Independent voters are the key to this presidential election. There is little doubt about that. Mitt Romney is already doing well in swing states with these crucial voting bloc, and, as Chris Cillizza recently explained at the Washington Post, may ride them to victory over President Barack Obama:

In the last three releases of the tracking poll conducted by The Washington Post and ABC News, Obama has trailed former Massachusetts governor Mitt Romney among independent voters by between 16 and 20 percentage points.

That’s a striking reversal from 2008, when Obama won independent voters, who made up 29 percent of the electorate, by eight points over Sen. John McCain of Arizona.
So, what gives? Why is Obama — at least according to the Post-ABC data — having so much trouble with independents?

The answer lies in the fact that most independents are not, well, independent. Of all the likely voters who called themselves independents in nine days of the Post-ABC tracking poll, fully three-quarters (75 percent) — said they tend to lean toward one party or the other. (The remainder are known as “pure” independents.)

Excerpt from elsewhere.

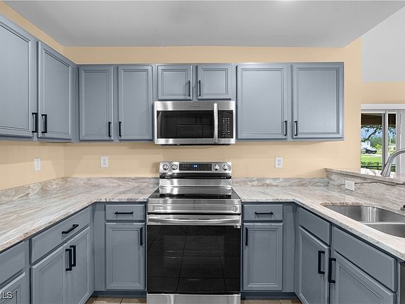 Freshly remodled home in gorgeous and growing NW Cape Coral!! This house has brand new kitchen tops, tile floors throughout, stainless appliances, and a huge fenced in back yard! New roof in 2022. This house is in a great neighborhood with new construction all around. This is also very near the Pine Island Corridor close to shopping, restuarants, bars and entertainment. Beautiful Matlacha being nearby is a great place to escape on the weekends for some shopping and great food. The Burnt Store boat ramp is also a quick trip as well as multiple locations to play pickleball. The floorplan is amazing and the three bedroom with den for a home office make this a great plan for almost anyone!

And it’s among those shadow partisans that Obama is struggling. Ninety-two percent of Republican-leaning independents said they plan to support Romney, while 84 percent of Democratic-leaning independents are backing Obama.

It’s not just in the head-to-head matchup that the difference between GOP-leaning and Democratic-leaning independents is visible. Among all registered voters, 69 percent of Republican-leaning independents say they are following the election closely while just 49 percent of Democratic-leaning independents say the same. (Just more than four in 10 — 41 percent — of pure independents say they are closely following the election.)

That gap between partisan-leaning independents was just nine points in September but has now grown to a 20-point edge this month as the election draws near.

By way of comparison, in Post-ABC polling conducted in October 2008, 62 percent of Democratic-leaning independents said they were closely following the election while 60 percent of Republican-leaning said the same.

Among independents who say they are “absolutely certain” to vote, 87 percent of Republican-leaning independents express that sentiment, compared with 81 percent of Democratic-leaning independents.

What all those numbers mean is that among independent voters — who tend to be less likely to turn out, even in a presidential election, than partisans — Romney has a clear edge.

It’s difficult to see Romney losing with such an edge over independents. But even as he carries this lead among independents — not just in national polls, but also in many state polls — Romney is struggling to maintain his advantage in states like Colorado and Virginia, as well as break through President Obama’s lead in Ohio. Recent polls show that Romney’s lead Florida may be on shaky ground.

Could it be that state polls are simply lagging behind national trends? Perhaps. However, Romney’s advantage in national polls has been apparent for days, if not a couple of weeks, now. One would think it would have trickled down into swing state polls at this point, or perhaps Romney just had that much ground to makeup.

But with exactly a week left to go until election day, Romney’s campaign better hope he starts peaking at the right moment, because time is quickly running out.